How can I score a y in a loop regression model with multiple x?

Hello everyone,

I’m currently trying to implement a linear regression model on different target with a column list loop start.
Basically in each column involved in the loop I have an Y which is varying on the values of other columns.

I am wondering if is possible, either via an x-scoring or via a parameter optimization, to find all the possible combination of x that score a certain Y (for all the loops).

Ex:

I have Y1, Y2 and Y3 and all three of them are depending on x1, x2, x3, x4 and so on…
Can I calculate the most probable values of all the x to meet a certain score of Y, like:

Y1=A
Y2=B
Y3=C

With a loop process?

I really appreaciate your help, thank you a lot!

Hi,
what do you mean by “Can I calculate the most probable values of all the x to meet a certain score of Y”. What would be the most probable value and which score do you mean? Do you want to build 1 regression model for each Y with all other X as predictors, then find the corresponding score (i.e. RMSE, R^2, …)? Or do you want to calculate for each Y the subset of X that produces the best score?
Kind regards
Alexander

Hi Alexander,

Thank you for answering.
Probably I didn’t explain fully my problem.
I would like to forecast an Y vector with n values: Y=[y1,y2,y3,…]. This is because Sum(y1,y2,…yn)=100 (or 1 if they need to be normalized).

The Y vector, so each y(i) (y1,y2,y3,…), depend on the same x that will be used to predict the the actual Y vector.

Can I do it in Knime, and how?
Is the workflow that I am using close to what I want to obtain?

Really thank you for your help!!

Hi,
now I understand, but I don’t think we have a model that does it. You can, however, maybe just train a model for each component of Y and then use the math formula node to normalize the outputs of the models manually.
For your workflow: generally it looks good, but why do you need two loops? Why don’t you do the prediction also in the first loop?
Kind regards
Alexander

Hi Alexander,

So far I followed this workflow that I found here between the examples:

Here it use the same exact workflow for multiple target, and since in my structure I have different y(i) I thought could have been a very similar approach.
Since I’m using the second loop as forecasting, to not run the loop all the time I change the data to be used in the model.

How do you mean to implement the prediction in the first loop?

Shall force the model before the second loop to create an outcome where Y=100 given by the sum of all the y(i)?
Or do I need to weight each predicted y(i) (so, after the loop) in order to obtain a sum of all the y(i) = 100?
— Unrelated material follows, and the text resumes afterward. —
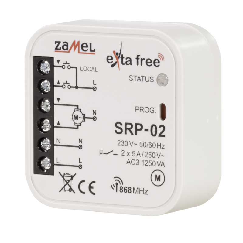 Sterownik rolet SRP‑02 przeznaczony jest do sterowania napędami rolet okiennych, w których zastosowano silnik elektryczny 230 V z wyłącznikami krańcowymi.
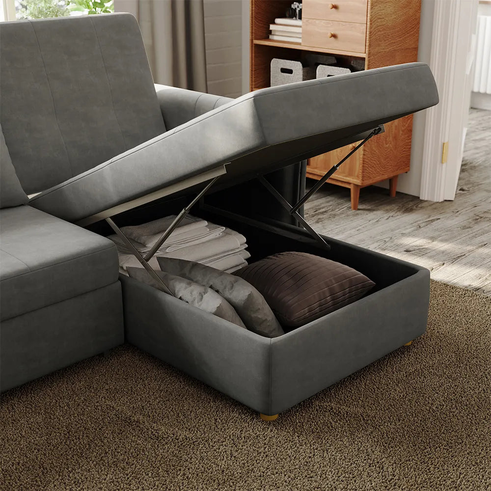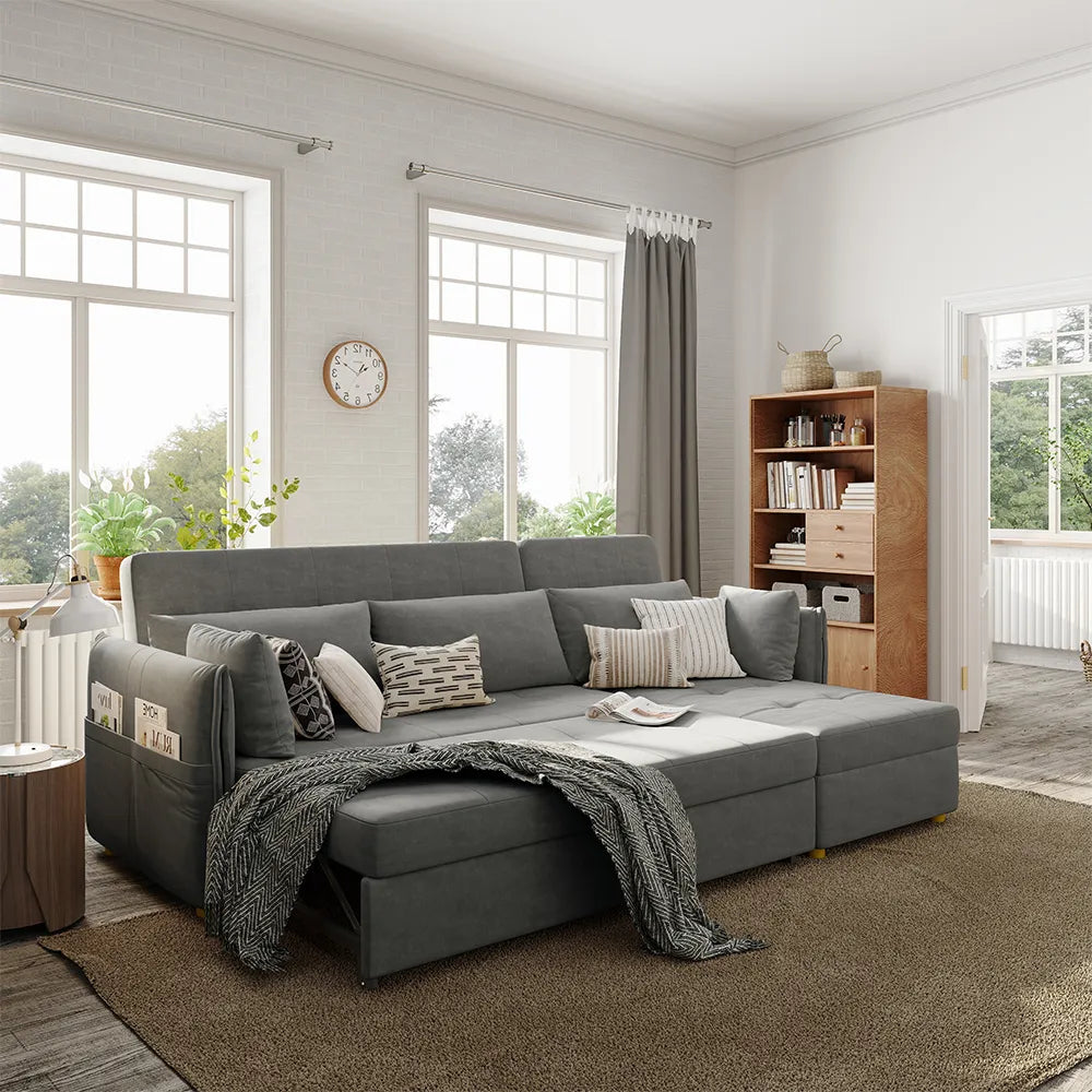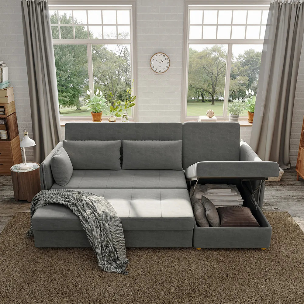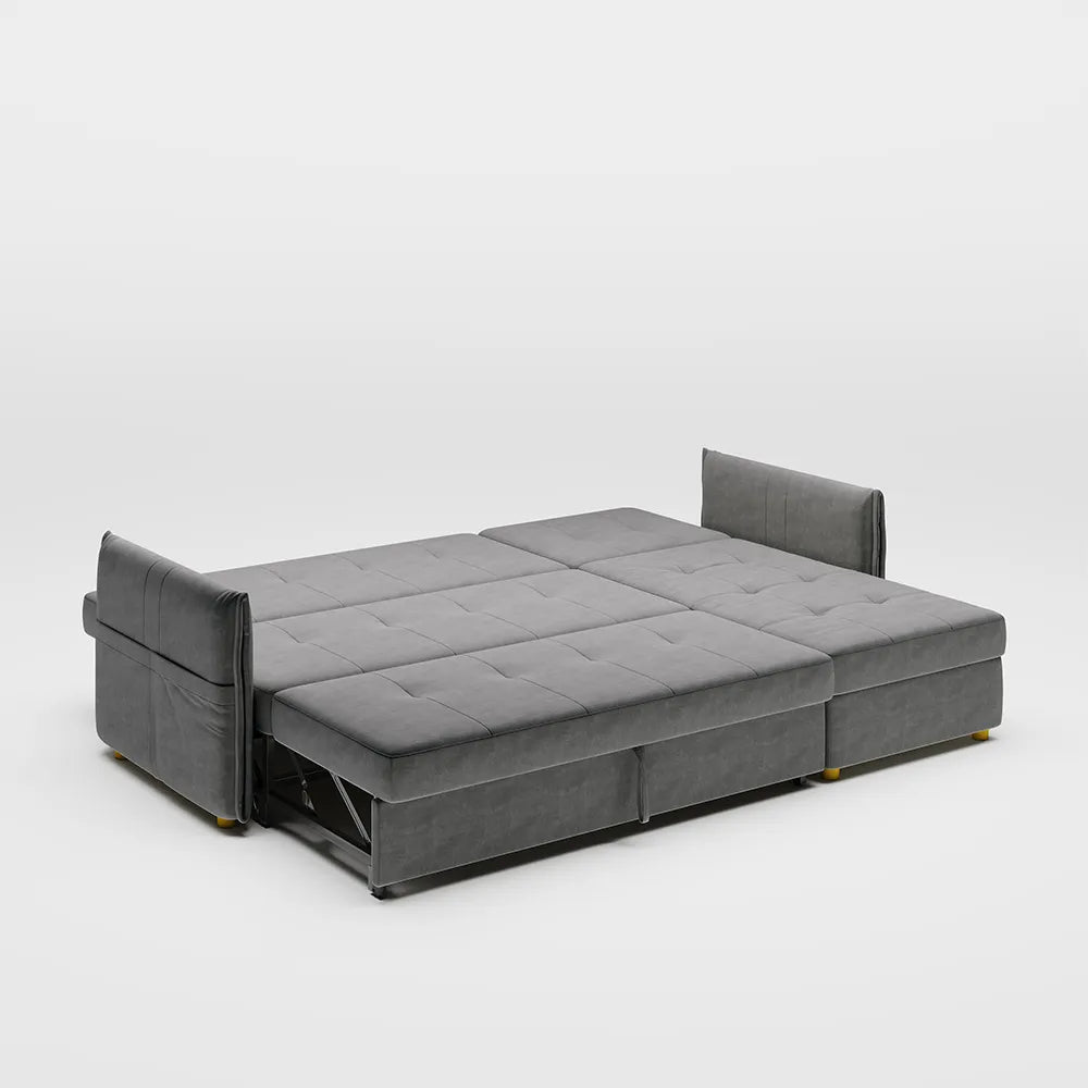 Sofa cum bed with multi functionality like pullout+ storage + Fold out in a chic grey color is the perfect space-saving solution for your home. This versatile piece easily converts from a comfortable sofa to a convenient bed, offering flexibility for guests or lounging. Crafted with style and functionality in mind, its modern design and neutral color seamlessly blend into any decor. Elevate your living space with the Mabel Fold Out Sofa cum Bed, where comfort and practicality meet sophistication.

Which is the best case, and how do I do that, is is possible to see a small example that you think could work?

Thank you a lot.

Hi,
the way you do it is also fine, but theoretically you can immediately apply a model with the predictor once you trained it. Then you’d need only one loop, but the downside is that every time you change the prediction logic, you also need to rerun the training. So your approach is probably even better. To normalize your predictions, lets pretend the predicted values are in columns p1, p2, and p3. Then you can use the Math Formula (Multi Column) with this formula: 100 * $$CURRENT_COLUMN$$ / ($p1$ + $p2$ + $p3$).
Kind regards
Alexander

Hi Alexander,

I’ll give it a try.
Last things, since I have an extensive number of column, is there a way to make a summation formula like ( ∑ $p(i)$ ) instead of summing column by column.
Above that, can I implement also a rounding formula, that round the outcome numbers at the second digit after the comma?

Thank you again!

Hello Stefano,
you can calculate the sum before using the math formula node using the Column Aggregator node. You can then use the new column instead of the manual sum. For rounding there is the round(val, precision) function in the math formula node.
Kind regards
Alexander

This topic was automatically closed 7 days after the last reply. New replies are no longer allowed.